I really don't want to talk about this, so it's gonna be brief.


While the kids are getting out of the sewers, they get lost, and the ka-tet begins to break down. So as both a literal and symbolic way to link them, and move them from childhood to adulthood, Bev has sex with each boy. It's all framed from Bev's perspective as she holds the adult/dead Eddie. I suppose it's as tasteful as it can possibly be, with eroticism taken out of it. It's still not a comfortable read, even if child Bev is fine with it.

The only, ONLY thing I can say, again, is that King was really deep into his drug and alcohol abuse at this point. That's the only reason this probably seem viable. How and why the editor let it go I'll never know. I really don't want to research into this a lot further.

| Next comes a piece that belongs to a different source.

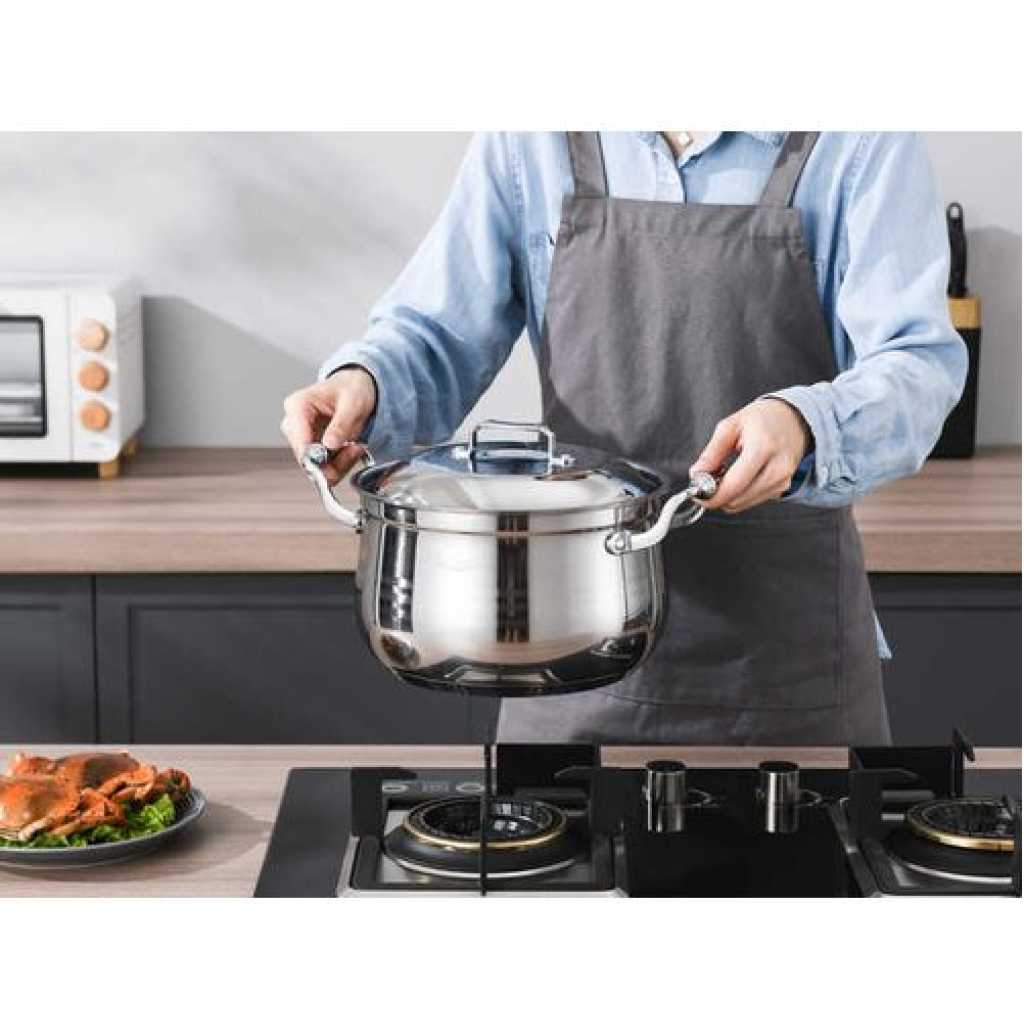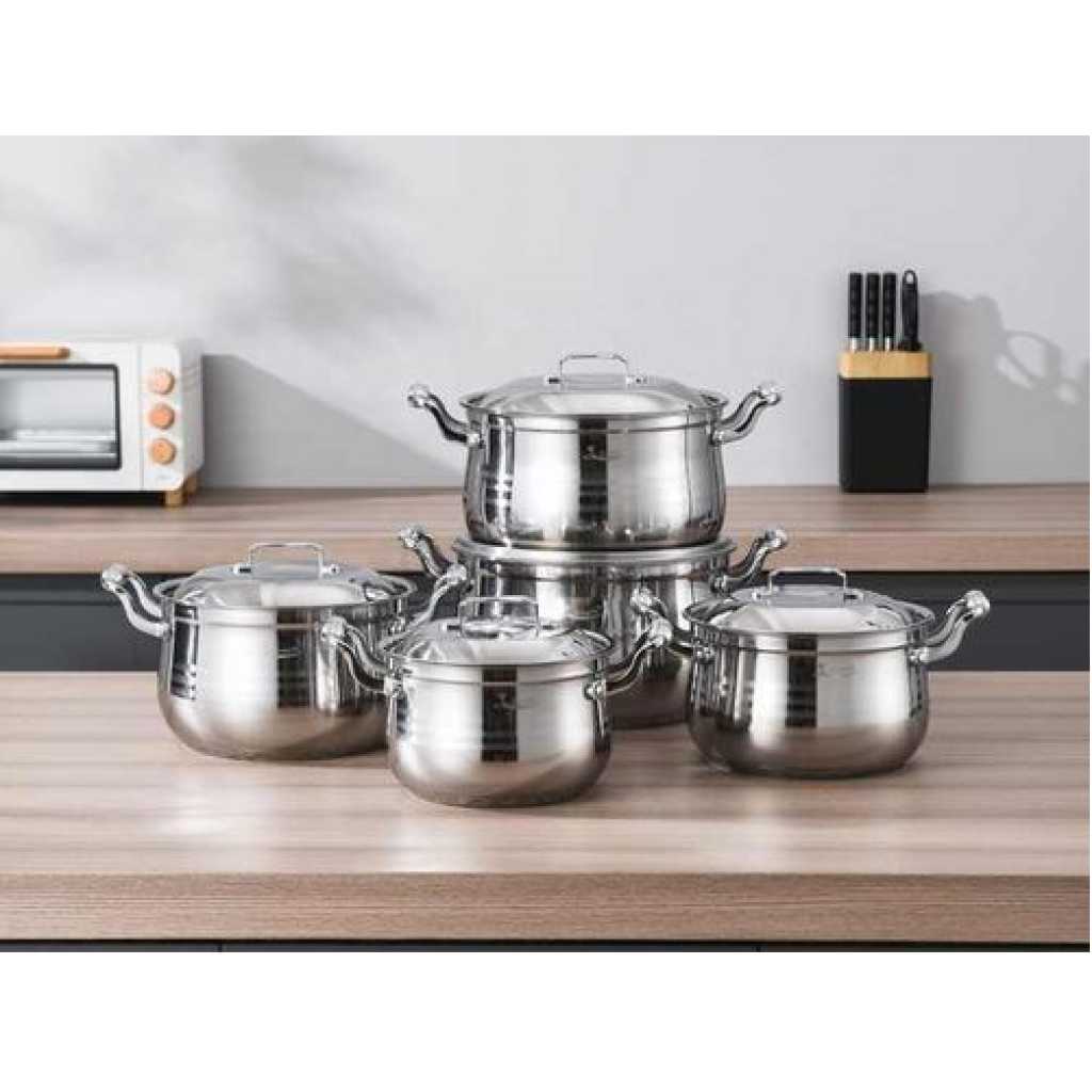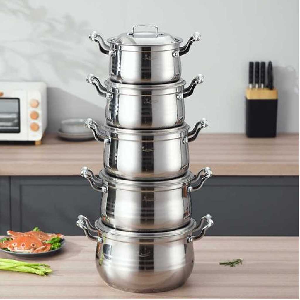 Key Features: 10 PC 22, 24, 26,28,30CM Stainless Steel Saucepans Cooking Pots- Silver. Color: Silver Material: stainless steel. Cover material: heat-resistant glass. Number of items in a set: 10 Bottom type: 5-layer. Measurement scale: yes. Handles fastening method: riveted connection. Handle type: hollow. Lid with a steam outlet: yes. Metal polishing: mirror/satin. Dishwasher safe: yes.
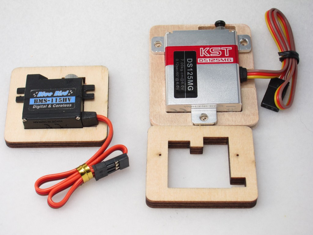 BMS-115HV ウイングサーボ用 サーボベッドを作りました。レーザーカットで筐体がカッチリはまる様に仕上げてあります。厚みは約4.5mm,3枚のべニアを接着して合計9層構造となっており、割れにくくしてあります。裏面でサーボが極わずか浮く厚みがあるためベッドを翼のカーブに合わせて削る余地があります。単体重さ2.7g(ロットにより多少差がでます)。このサーボは固定耳が2か所しか無く、その耳もあまり丈夫でないのでサーボベッドにカッチリはめてケース全体で力を受けられる様にしました。本体外形サイズは41x36mmです。あえて少し外形を大きめにしているのは理由があります。シャーレ翼にサーボを固定した場合いくらガタを少なくリンケージしても力がかかった場合表皮自体が波打って動いてしまいます。小さなサーボで受け面が小さいと、翼のゆがみが起きやすくなるので少し広い面でサーボを受ける様にした方が良いからです。とは言っても、一般的なKST-DS125サイズ用と比較すれば随分小さくなります。3枚9層構造とレーザーカットのためちょっとコスト高です。サーボがはみ出ない厚みがあり9層構造のためネジで割れる事も少ないと思われます。ロッドやサーボホーンに当たる部分は適宜削ってご使用ください。稀にべニアの接着が甘い部分がある可能性があります。その場合は木口に瞬間を染み込ませてやってください。

I will say that as a child the same age reading this book for the first time, I osculated between a few reactions: confusion (I'd only had a little sex ed), some revulsion (not that they were kids, but that they were having sex at all: the same way I'd felt during the adult scenes), and some curiosity. It's been almost 20 years since my first readthrough, and that's what stuck with me. Yaaaaay.

On to easier things: above ground the destruction continues as the town dies with IT, the standpipe falling over at nearly the climax. Below, Bill and Ritchie find it, and Bill reaches into a hole and squeezes IT's heart until it explodes.


There's a lot more of them struggling above ground, and everything above ground going to shit (ending with the streets collapsing into the canal, and a lot more people dying) but we've reached the climax. They take the still alove but catatonic Audra and flee to the surface.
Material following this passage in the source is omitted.